◆ Work to be completed
Set down a faithful copy of every record below, with no images.
(Dataset records)
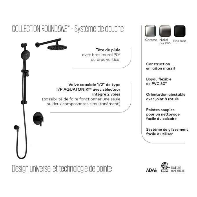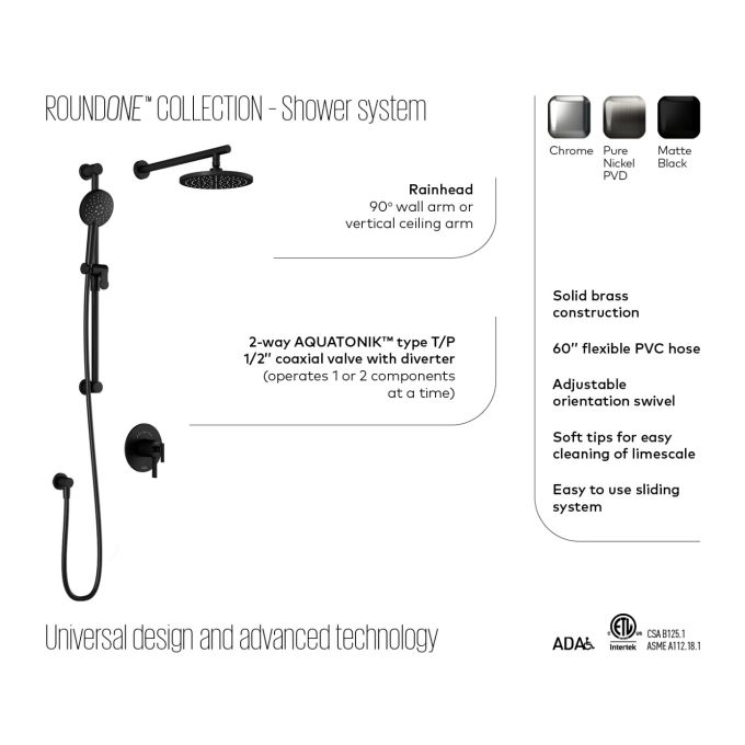 KALIA ROUNDONE TCD1 Thermostatic/pressure balance shower kit -Wall Arm- Chrome-Coaxial-VALVE INCLUDED (Available while supplies last)
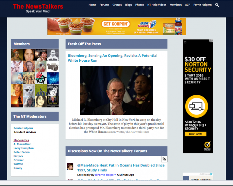 The NewsTalkers is a news and politics discussion forum.We are a nonpartisan site and represent the full spectrum of views. Articles from across the web, as well as original member commentary, are brought here for in depth discussion and debate. NewsTalkers' forum is fully moderated, for the best personal experience. NewsTalkers is also a community with special interest groups, customizable personal homepages, activity feed and chat. Members have a voice in all aspects of NewsTalkers.
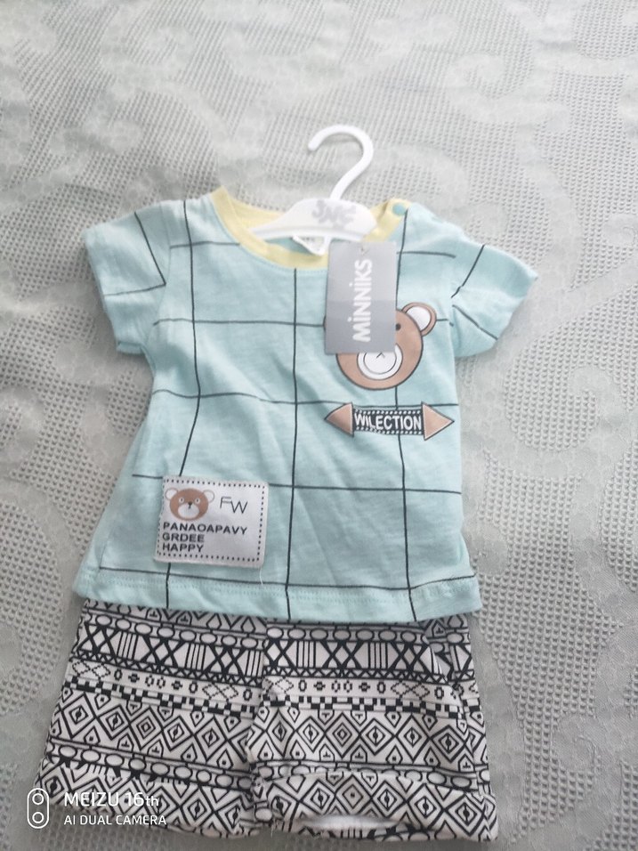 Pamuklu, kısa kollu, mavi renkli, baskılı ve örme detaylı erkek bebek takım. Üstü bisiklet yaka, altı desenli şortlu set.
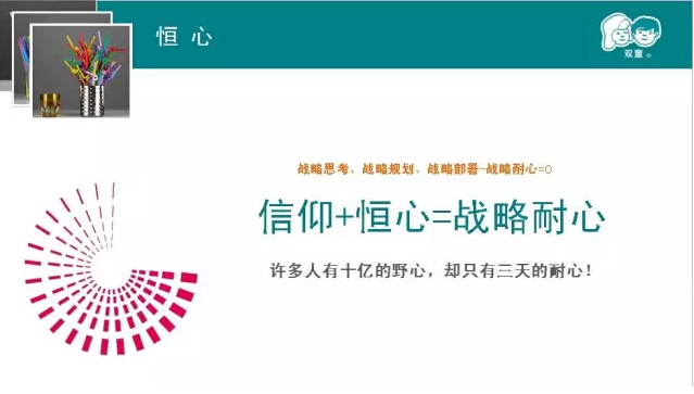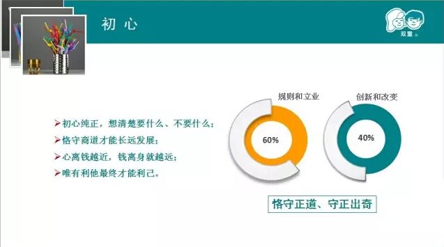 當家人樓總的此次分享,從“雙童是如何成為隱形冠軍及當家人樓總對自身的定位出發(fā),圍繞著(zhù)匠人之心這個(gè)主題,將當家人對企業(yè)、制造業(yè)的思考和看法都講得非常透徹!以下是部分課件內容,吸管妞也大方分享給大家啦!
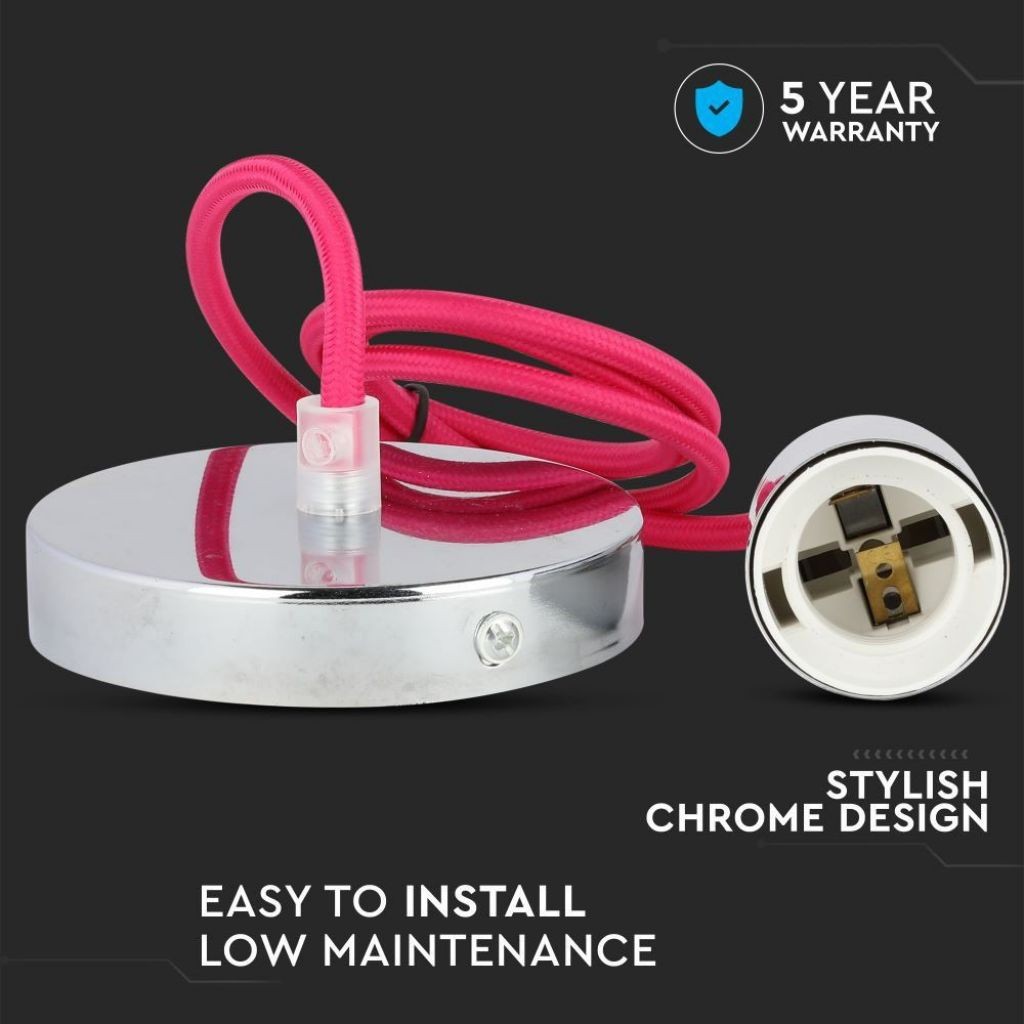 SKU 3792 VT-7338-RR V-TAC Lampadario LED a Cilindro in Metallo con Portalampada E27 (Max 60W) Colore Cromato e Cavo Fucsia
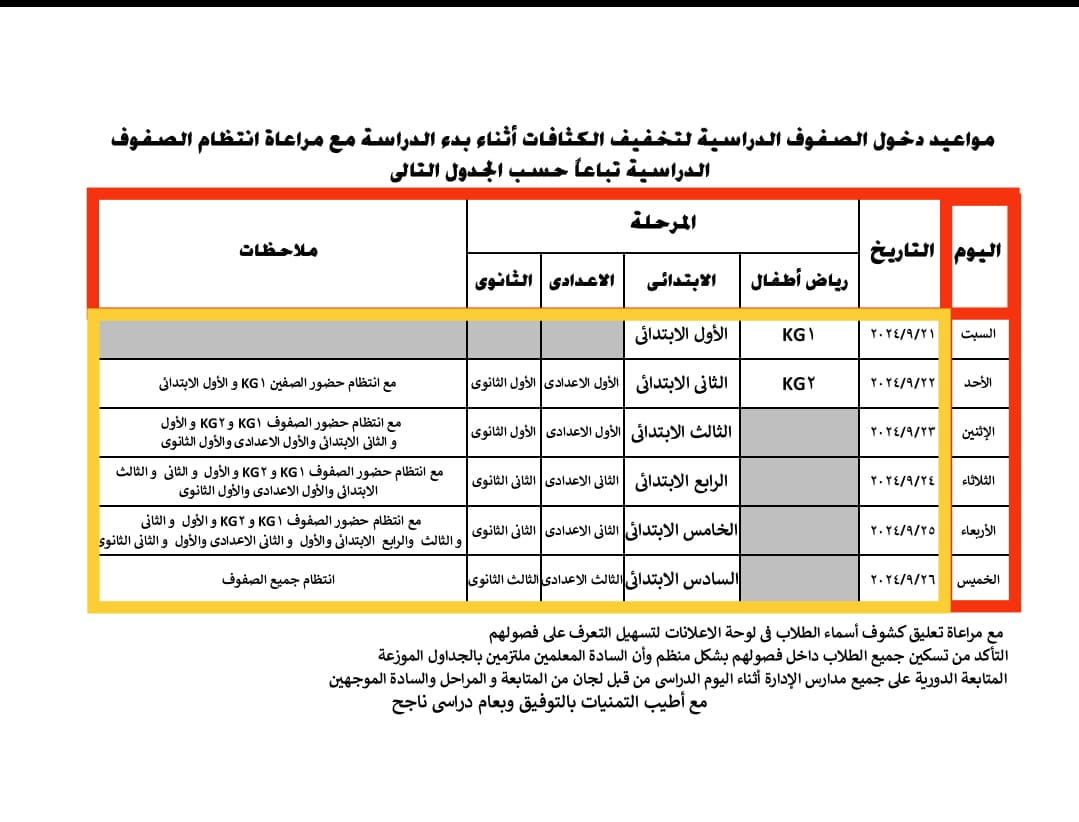 أعلن أشرف سلومة وكيل وزارة التربية والتعليم بمحافظة الجيزة، مواعيد دخول الصفوف الدراسية لتخفيف الكثافات خلال بداية العام الدراسي الجديد، مع مراعاة انتظام الصفوف الدراسية طبقا للجدول التالي:
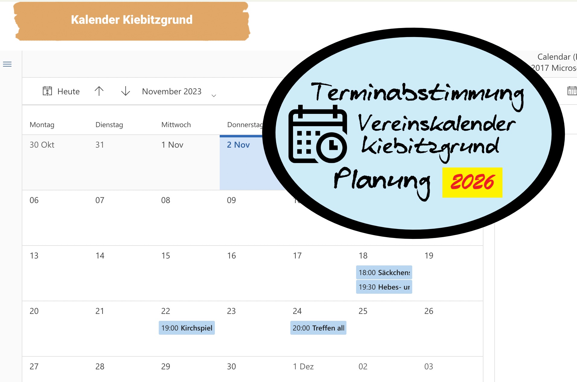 News: Treffen Vereinskalender Kiebitzgrund für 2026
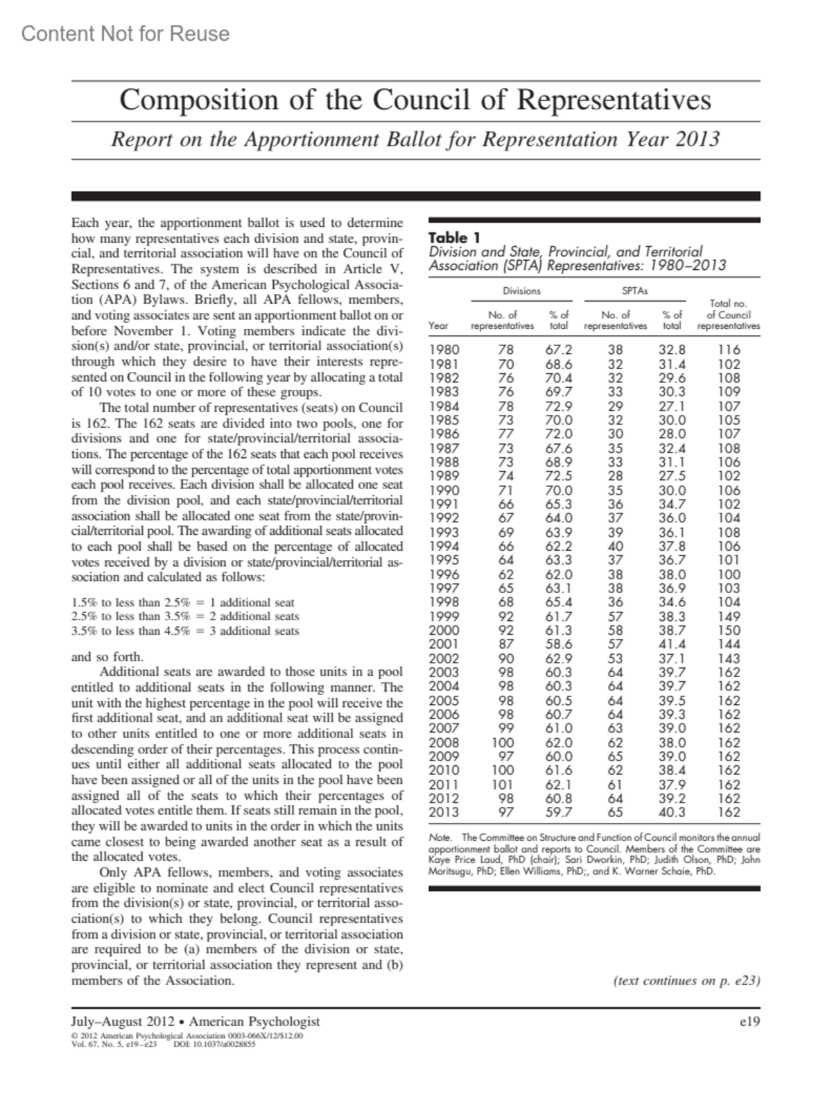 Composition of the Council of RepresentativesReport on the Apportionment Ballot for Representation Year 2013American Psychologist 67(5):p e19, July-august 2012. | DOI: 10.1037/a0028855Copyright © 2012 by the American Psychological Association
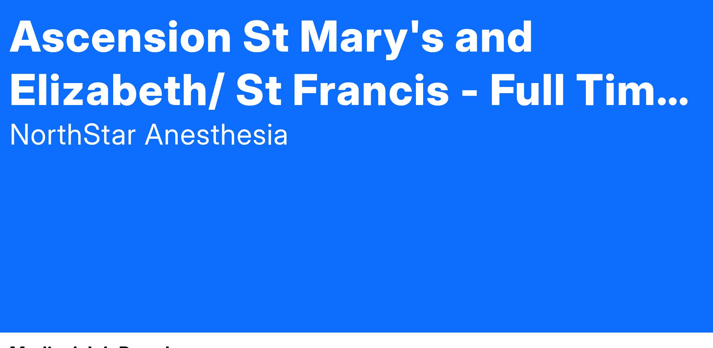 Summary of Job: Full Time Opportunity to be split between Ascension St Marys and Elizabeth and St Francis! 50/50 split between locations!
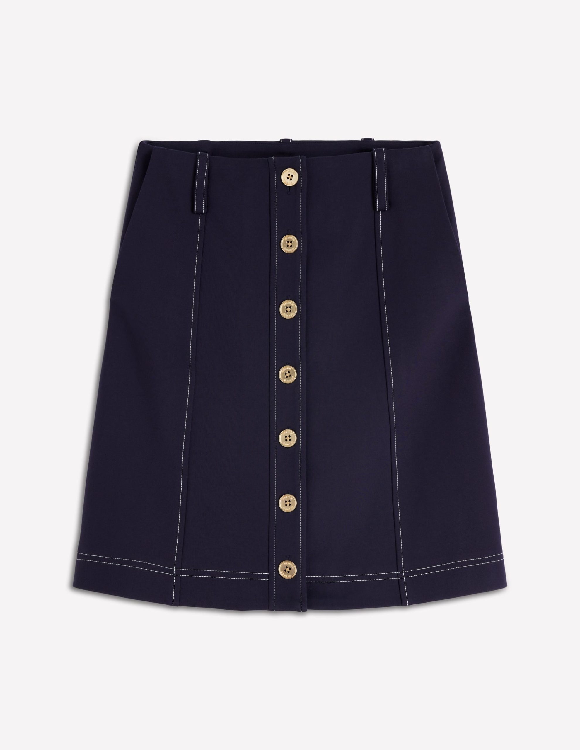 The reason ponte is such a great choice for workwear is because it offers structure without compromising on comfort. This short skirt has contrast stitching for a smart tailored look and chunky buttons down the front.
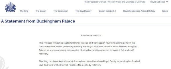 «Ο βασιλιάς ενημερώθηκε λεπτομερώς και μαζί με την υπόλοιπη βασιλική οικογένεια στέλνει τις θερμότερες ευχές του στην πριγκίπισσα για ταχεία ανάρρωση», προστίθεται στην ανακοίνωση.
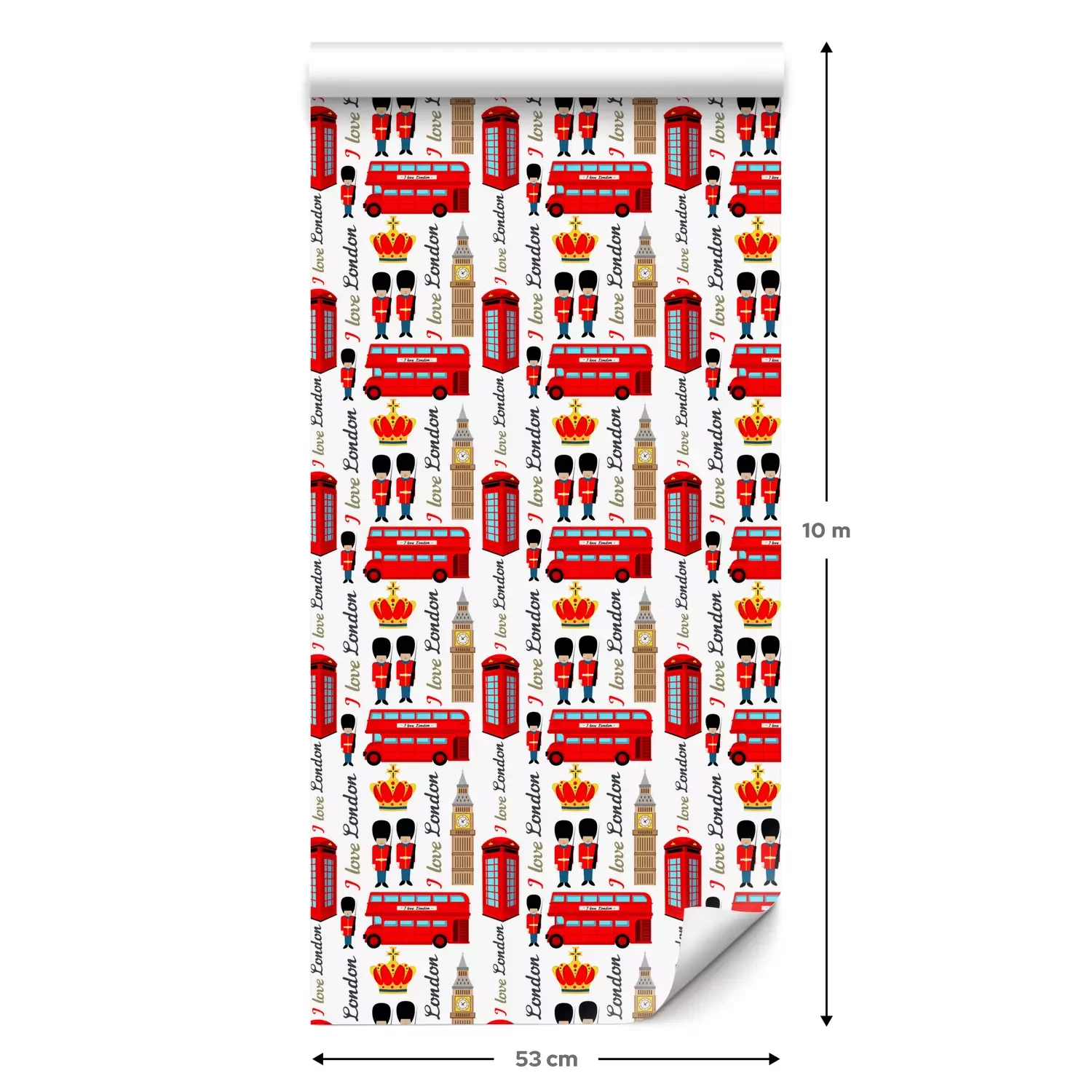 Eine Standard-Tapetenrolle hat die Maße 0,53 m x 10 m und deckt eine Wandfläche von etwa 5 m² ab.
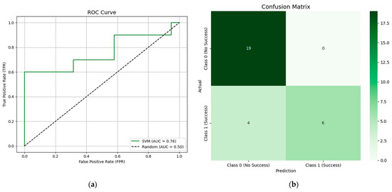 Figure 2a presents the ROC curve for the SVM model, which achieved the best results (AUC = 0.76). This ROC curve graphically represents the relationship between the true positive rate and the false positive rate across different threshold values. Figure 2b displays the confusion matrix, showing that the model correctly classified 19 non-success cases and 6 success cases, with 4 false negatives and 0 false positives.
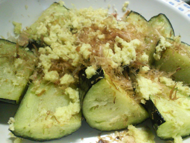 作り方は、ただナスを一口大より少し大きめで切り、オリーブオイルで揚げて、すりおろした生姜と鰹節をかけ、お醤油をかけていただきます!!
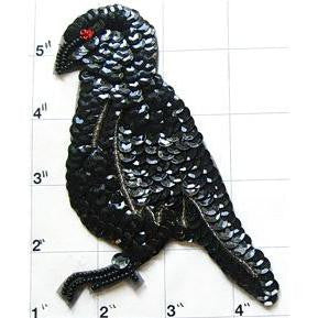 Black Bird with Red Eye - Black and Red Sequins and Red, B lack and Silver Beads 5.5" x 3"
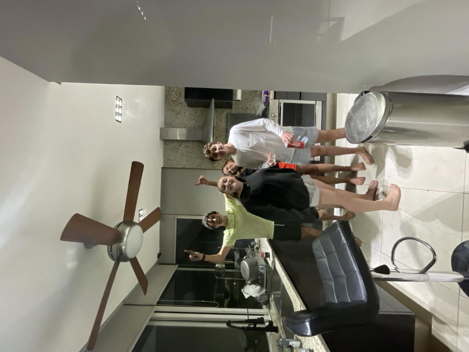 Four young people stand barefoot in a modern kitchen. The person closest to the camera wears a lime green shirt and points to a ceiling fan. Behind them, a person in a black hoodie points upward. Another person wears a white shirt and holds a drink. The fourth is in between. The kitchen has sleek countertops, stainless steel appliances, and a dark chair. Large windows are visible in the background. The image is taken from a low angle, making the subjects appear taller.
(End Dataset records)
◆ Answer section
 KALIA ROUNDONE TCD1 Thermostatic/pressure balance shower kit -Wall Arm- Chrome-Coaxial-VALVE INCLUDED (Available while supplies last)
 The NewsTalkers is a news and politics discussion forum.We are a nonpartisan site and represent the full spectrum of views. Articles from across the web, as well as original member commentary, are brought here for in depth discussion and debate. NewsTalkers' forum is fully moderated, for the best personal experience. NewsTalkers is also a community with special interest groups, customizable personal homepages, activity feed and chat. Members have a voice in all aspects of NewsTalkers.
 Pamuklu, kısa kollu, mavi renkli, baskılı ve örme detaylı erkek bebek takım. Üstü bisiklet yaka, altı desenli şortlu set.
 當家人樓總的此次分享,從“雙童是如何成為隱形冠軍及當家人樓總對自身的定位出發(fā),圍繞著(zhù)匠人之心這個(gè)主題,將當家人對企業(yè)、制造業(yè)的思考和看法都講得非常透徹!以下是部分課件內容,吸管妞也大方分享給大家啦!
 SKU 3792 VT-7338-RR V-TAC Lampadario LED a Cilindro in Metallo con Portalampada E27 (Max 60W) Colore Cromato e Cavo Fucsia
 أعلن أشرف سلومة وكيل وزارة التربية والتعليم بمحافظة الجيزة، مواعيد دخول الصفوف الدراسية لتخفيف الكثافات خلال بداية العام الدراسي الجديد، مع مراعاة انتظام الصفوف الدراسية طبقا للجدول التالي:
 News: Treffen Vereinskalender Kiebitzgrund für 2026
 Composition of the Council of RepresentativesReport on the Apportionment Ballot for Representation Year 2013American Psychologist 67(5):p e19, July-august 2012. | DOI: 10.1037/a0028855Copyright © 2012 by the American Psychological Association
 Summary of Job: Full Time Opportunity to be split between Ascension St Marys and Elizabeth and St Francis! 50/50 split between locations!
 The reason ponte is such a great choice for workwear is because it offers structure without compromising on comfort. This short skirt has contrast stitching for a smart tailored look and chunky buttons down the front.
 «Ο βασιλιάς ενημερώθηκε λεπτομερώς και μαζί με την υπόλοιπη βασιλική οικογένεια στέλνει τις θερμότερες ευχές του στην πριγκίπισσα για ταχεία ανάρρωση», προστίθεται στην ανακοίνωση.
 Eine Standard-Tapetenrolle hat die Maße 0,53 m x 10 m und deckt eine Wandfläche von etwa 5 m² ab.
 Figure 2a presents the ROC curve for the SVM model, which achieved the best results (AUC = 0.76). This ROC curve graphically represents the relationship between the true positive rate and the false positive rate across different threshold values. Figure 2b displays the confusion matrix, showing that the model correctly classified 19 non-success cases and 6 success cases, with 4 false negatives and 0 false positives.
 作り方は、ただナスを一口大より少し大きめで切り、オリーブオイルで揚げて、すりおろした生姜と鰹節をかけ、お醤油をかけていただきます!!
 Black Bird with Red Eye - Black and Red Sequins and Red, B lack and Silver Beads 5.5" x 3"
 Four young people stand barefoot in a modern kitchen. The person closest to the camera wears a lime green shirt and points to a ceiling fan. Behind them, a person in a black hoodie points upward. Another person wears a white shirt and holds a drink. The fourth is in between. The kitchen has sleek countertops, stainless steel appliances, and a dark chair. Large windows are visible in the background. The image is taken from a low angle, making the subjects appear taller.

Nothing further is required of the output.